Back from his two-year sojourn in London, former cabinet minister Luc Frieden’s first public appearance was to deliver a talk on the EU to the British Chamber of Commerce.
(Photo: Steve Eastwood)
If, as former British prime minister Harold Wilson claimed, a week is a long time in politics, then two and a half years should be an eon. But former finance minister Luc Friedenseemed to turn back the clock during a speech to the British Chamber of Commerce for Luxembourg on Friday. Frieden addressed the chamber on a number of occasions while in cabinet, but this was his first public appearance in Luxembourg since returning from a two-year stint living in London, where he was vice chairman of Deutsche Bank--a role he took up after resigning his seat in parliament in September 2014.
His return to Luxembourg half way through the current government’s term of office has been viewed by some commentators as a sign that Frieden is considering standing for the CSV opposition party in the next election. But there was no hint of that during a speech that addressed his thoughts on the future of European integration, using the 1946 Churchill quote ‘Let Europe arise’ as his title.
The speech was one in a series that the British chamber is hosting ahead of the UK referendum on its future in the EU--the chamber has already heard Nigel Farage of Ukip and will next month be addressed by Paddy Ashdown of the European Movement.
Frieden reminded his audience that the EU was formed to foster peace and prosperity. The former has been taken for granted, he said. “That was different for the generation of our parents and grandparents, but we have been living in peace for the past 70 years.”
Focus on right investments
However, Frieden admitted that prosperity has not been achieved, and cited the 25 million unemployed in the EU as one of the reasons why it is easy to see why some people have given up hope in the European project. “Nevertheless, I believe that Europe has a lot to offer and has a lot of possibilities.”
Growth is too low and the crisis is still with us and the investment climate is not good, he said. However, he thinks Europe provides the opportunities to improve growth, but that both companies and governments need to act to stimulate this. “We need to focus on the right kind of investments.”

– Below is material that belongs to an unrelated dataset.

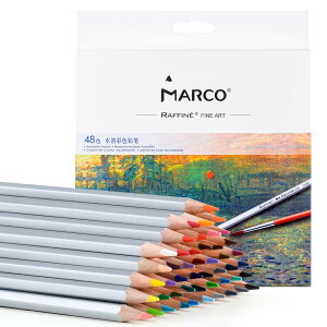 【多彩な色】48色。毛筆が付属しています。 【2.9mm太い芯】この174.5mmの長さのMarco水彩色鉛筆は、鉛筆の芯の直径が2.9mmで、高品質のトナー、粘土、接着剤から作られ、手触りが繊細で、筆致が滑らかである。 【六角軸設計...

This includes digitalisation and R&D--he called for tax breaks for research. “That is probably easier to achieve than to wait for governments to do it [invest in research] or give subsidies to companies.”
He also called for more movement of people to stem the rise of unemployment, especially when it comes to highly qualified people. “Most people stay within their borders. We have to encourage people to move to places where they are needed, both for people who are in jobs and for the unemployed. Some kind of Erasmus programme, as we have it for students, might be necessary for researchers, for highly qualified people might be necessary even for those who are unemployed.”
Frieden said that politicians--and especially politicians in the UK--are often not “courageous enough” to speak positively about the EU. They fail to talk about the less spectacular decisions of key importance, but rather focus on the disagreements. From Jack Straw to George Osborne, Frieden said that British ministers did an excellent job for the UK in Europe but that they didn’t speak about it. “What [British prime minister] David Cameron now says, that Britain will be stronger, safer, better [in the EU], he didn’t say over the past five years.”
As for the leave campaign’s arguments that the UK could be like Switzerland or Norway if it opted out of the EU, Frieden explained that many of his Swiss ministerial colleagues seemed frustrated that decisions that affected Switzerland were being taken but that they could not participate.
He hopes that the British people will vote with the remain campaign to stays in the EU, for the good for the union and for the good of the United Kingdom. “It is an illusion to think a country can be independent and sovereign in an interconnected world.”